Originally Posted by jpwkeeper
Have to wonder if this thread is done.

1. We'll never know if Greg doped. USADA is not going to go after him.
2. People who think Greg didn't dope will never think he didn't dope and keep insisting he be apologized to.
3. People who think he doped will never think he didn't and keep insisting that he apologize to us.

There is evidence for and evidence against, and both sets of evidence is weak at best and it's never going to get better outside of someone coming forward with first-hand testimony, and that's just not going to happen (and if it does it'll spawn a new thread).

So I nominate this thread for closure.
I know many people have joined this site just to be able to post in this thread (myself included), why would anyone want to close it. New evidence may come forth. Someone might one day find out who Lemond's doctor was, and real evidence will come out. This thread owns in search engines, if you close it, the traffic will just move to another site. Of course with the way some of the moderators behave here (like calling people "F*ing morons"), maybe they don't want more traffic on this site anyway.
 
This quote is from the article Evidence Overwhelmingly Indicates Greg LeMond Doped, "Lance is able to remain calm and let Greg lose his reputation. Lance keeps the higher ground and doesn't in dignify himself with a fight".

Now we know the real truth, the evidence overwhelmingly indicates that Lance Armstrong, not Greg LeMond was guilty of doping. I think the author should write an apology to Greg LeMond and the cycling community.

Ed Price
Team Manager
Santa Cruz County Wheelmen/Spokesman Bicycles
 
Yes, there is no evidence LeMond doped. The person starting ths pathetic lie needs needs to to offer a sincere apology, and hang himself in his closet. He is a lying ****. Sad shithead.
 
Originally Posted by parkansas

Yes, there is no evidence LeMond doped. The person starting ths pathetic lie needs needs to to offer a sincere apology, and hang himself in his closet. He is a lying ****. Sad shithead.
So how do you go from finishing an hour down in the Giro after two and a half years of riding like **** and with a "few injections of B12" come back to beat the winner of the race and a damned fine TT rider (Fignon) in the final TT by a minute? On what planet does that happen when everyone is on the same playing field? I'm sure the "blood passport" guys would have a field day with that. Recovering from a near career ending anemia DURING a Grand Tour?

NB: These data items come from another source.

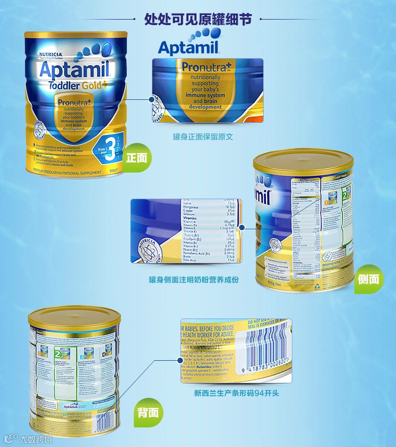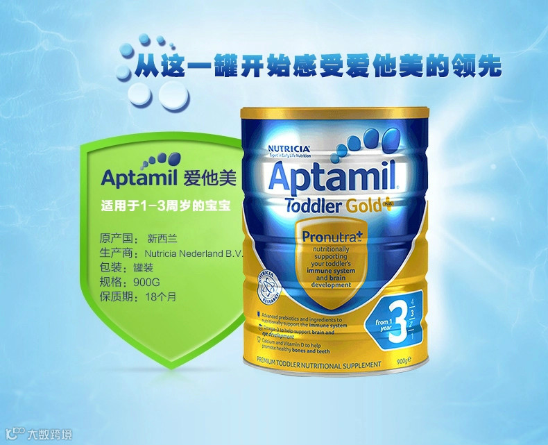Aptamil 婴幼儿金装配方奶粉 3段1岁 900g2罐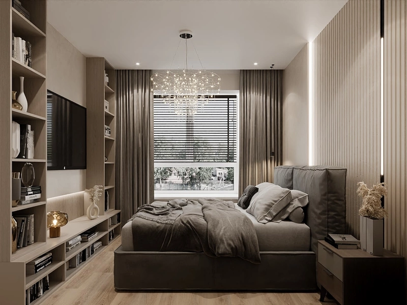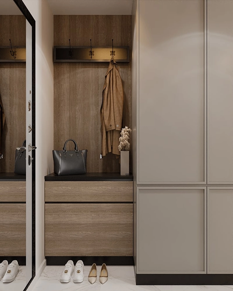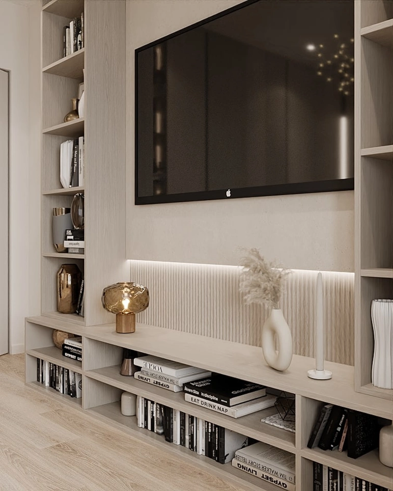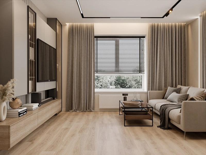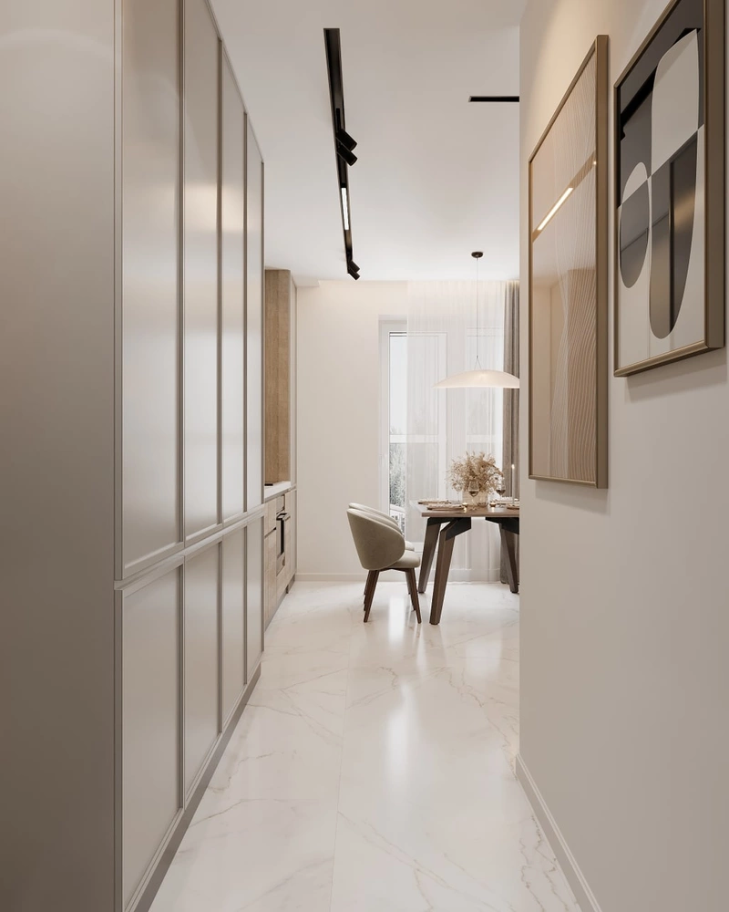 Дизайн интерьера квартиры в стиле бежевый минимализм в ЖК "Богатырь" — 54 м2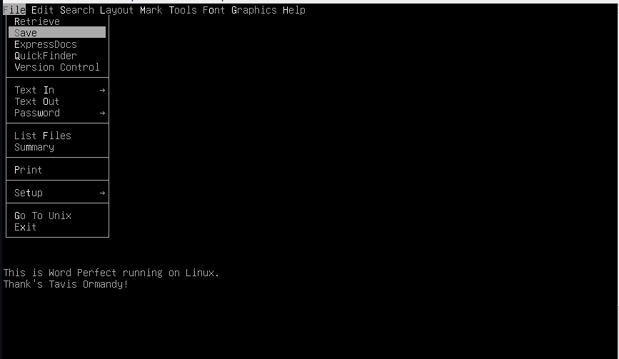 Hahaha! Tavis Ormandy released a ported version of Word Perfect for Linux a handful of years ago.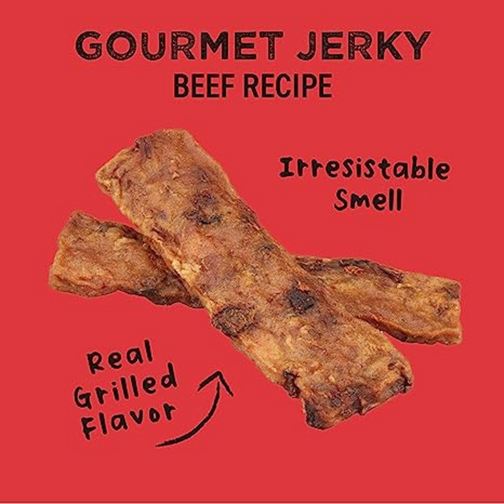 Cloud Star Wag More Bark Less Texas Style BBQ Beef Gourmet Beef Jerky treats are inspired by the irresistible taste and aroma of Texas BBQ cuisine. Made with a delicious culinary-style recipe in small batches, each treat contains ingredients like tomatoes, paprika, lemon juice and turmeric to give it that Texas BBQ flavor dogs crave. Natural, high quality Chicken is the #1 ingredient. Natural Beef is the first ingredient. Irresitible smell and real grilled flavor. Helps Support Hip & Joint Health.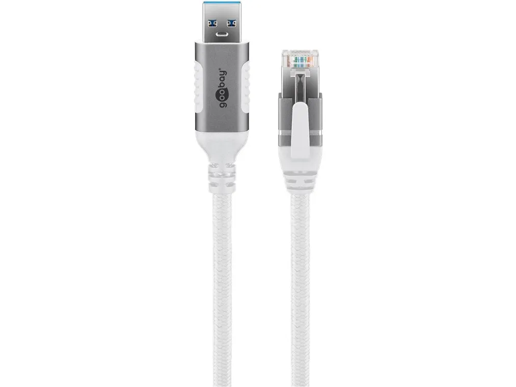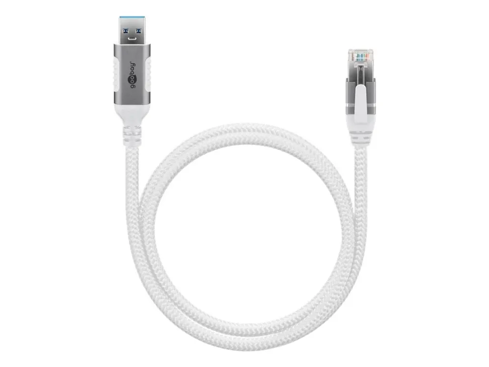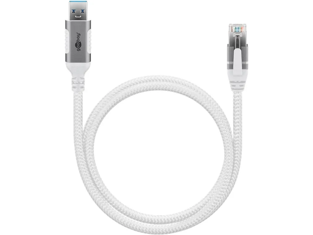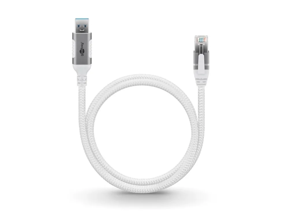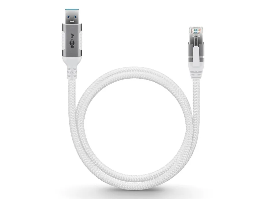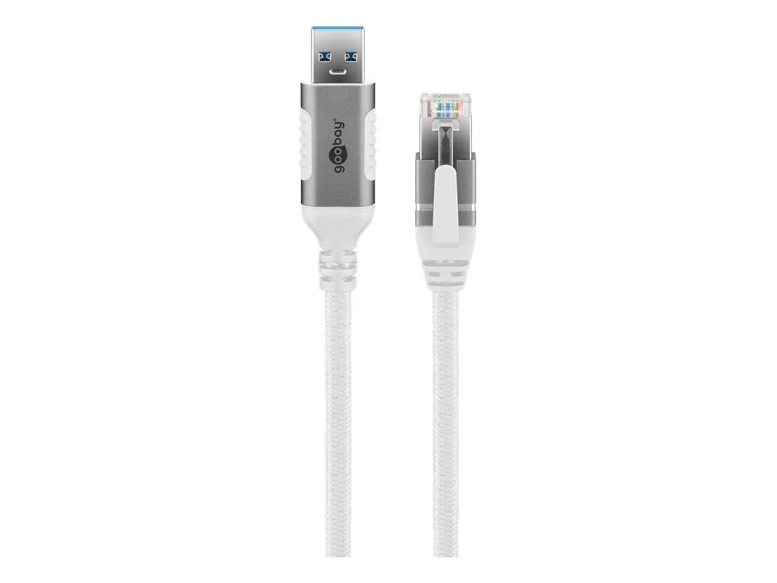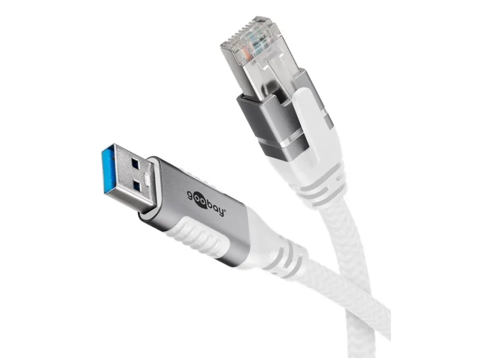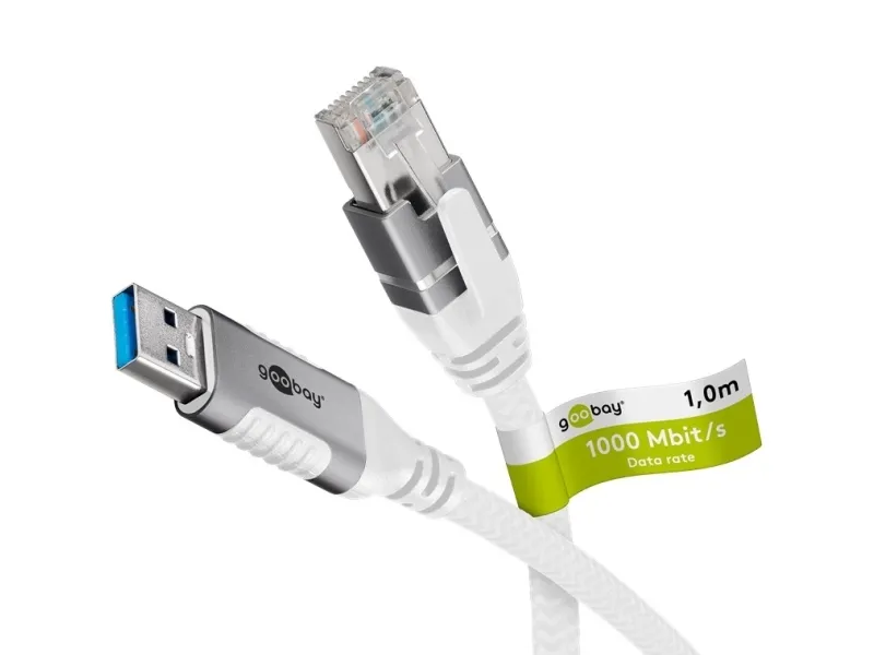 tilslutter router, modem eller netværksswitch til USB-A-porten på en laptop, tablet eller smartphone Kabellængde LAN-kablet muliggør en stabil, kablet internetforbindelse til USB-A-enheder uden deres egen netværksforbindelse Med CAT 6 opnår kablet en overførselshastighed på op til 1 Gbit/s USB-kablets flettede, slidstærke tekstilkappe har en behagelig fornemmelse og er skånsom mod følsomme overflader Robuste metalstik af høj kvalitet med bøjningsbeskyttelse sikrer en særlig lang levetid for CAT 6-kablet USB-A-forbindelsen er kompatibel med notebooks og tablets fra populære producenter som Lenovo, HP eller Dell samt med Windows, macOS og Android og er bagudkompatibel med USB 2.2 Bemærk: Netværkskablet er ikke egnet som et rollover-kabel til spilkonsoller

... how exactly does that work? Everyone else on the planet sees a drop in HCT. Not LeMond apparently. Everyone questioned the **** outa Armstrong during his "comeback 2.0" with RadioShack when his numbers stayed the same during the Tour - but to get better?

Then just a couple of weeks later you go from finishing an hour down in the Giro, tell your wife you're going to retire after the Tour, and then come back to win the Tour...

... how exactly does that work?

And then to come back during the World Champs and make the guy that trounced him three months earlier, and over the course of 2 weeks put an hour into him, look like a complete idiot by catching him on the final climb and then dropping him like he was a Cat 4 rider. Really? How does that work?

Answers on a postcard to:

It doesn't happen in normal life.
PO Box: I'm guilty as sin.
Gregs House, CA 666

None of it makes any sense.

Going from an hour out the back to trouncing someone - just think about that simple thought. How do you do that in the space of a few days at the end of a Grand Tour?
 



Put your hand on the television! Be HEALED!

I shalt grant thou a downgrade tailwind course and give thou aerobars to smite thine enemies! Now, go forth and I shall cause inflictions and plagues to move upon the face of the Tour!

Doubt not, the power of belief!
 
That'd put hand prints on my TV. How can I watch DVR'd recordings of the Giro with handprints on the screen? Jebus... some people I tell ya!

Do you even have TV's in Ohio or do you still have little Billy doing the glove puppet thing in the middle of a cardboard box that has a square hole in the front?